Полуночное солнце - [85]

Шрифт
Интервал

И Хосей передал в руки почтальона деревянного профессора с голубыми глазами.

— Обязательно передай, сын у меня хороший мужик, только по тундре скучает.

— Передай, передай ему это, — весело кивает головой женщина, — пусть не плачет.

— Теперь у него хорошо наука пойдет, — сказал Хосей и гордо улыбнулся.

ЗМЕЯ С ЗОЛОТОЙ РЕКИ

Сизый дым слепил глаза. Потрескивали дрова в потухающем костре.
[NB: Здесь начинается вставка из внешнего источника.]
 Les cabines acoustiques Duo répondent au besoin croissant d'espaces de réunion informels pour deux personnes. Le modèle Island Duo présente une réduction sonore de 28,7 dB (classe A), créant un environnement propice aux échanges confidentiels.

Медный свет пламени падал на обезображенное струпьями лицо Егорки — сына батрака Сяско. Над больным наклонилась старая Нэвля. Дым от дров из плавника, выброшенного морем, сжег ей глаза. Желтыми старческими пальцами она провела по Егорову лицу, остановив движение на обветренных губах, пылавших больным жаром.
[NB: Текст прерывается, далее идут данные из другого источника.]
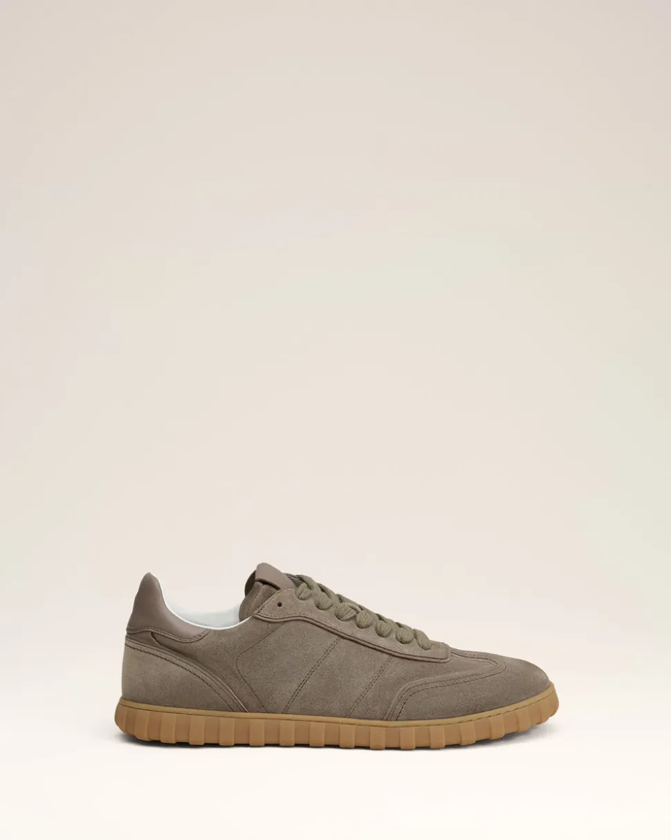 Baskets basses à lacets en croute velours.

Старуха вспомнила болезнь своего сына. Он так же вот, недвижимый, пролежал неделю в чуме. У него испортилось лицо. Он бредил и метался. А когда умер, то его не пришлось даже похоронить, так и съели его труп волки в оставленном чуме.

— Плохо, Сяско, — промолвила старуха. — Нанук едет сюда, она, говорят, хорошо шаманит. К Хэди заедет, верно: Некучи у него заболела.

Отец сидел у ног больного. Он сгорбился и молчал.

Больной зашевелил губами. Он опустил горячую руку на плечо подползшего Сяско.

— Плохо, отец. Помни мое слово: иди к русским. Помрешь и ты здесь. Уходи со своими олешками.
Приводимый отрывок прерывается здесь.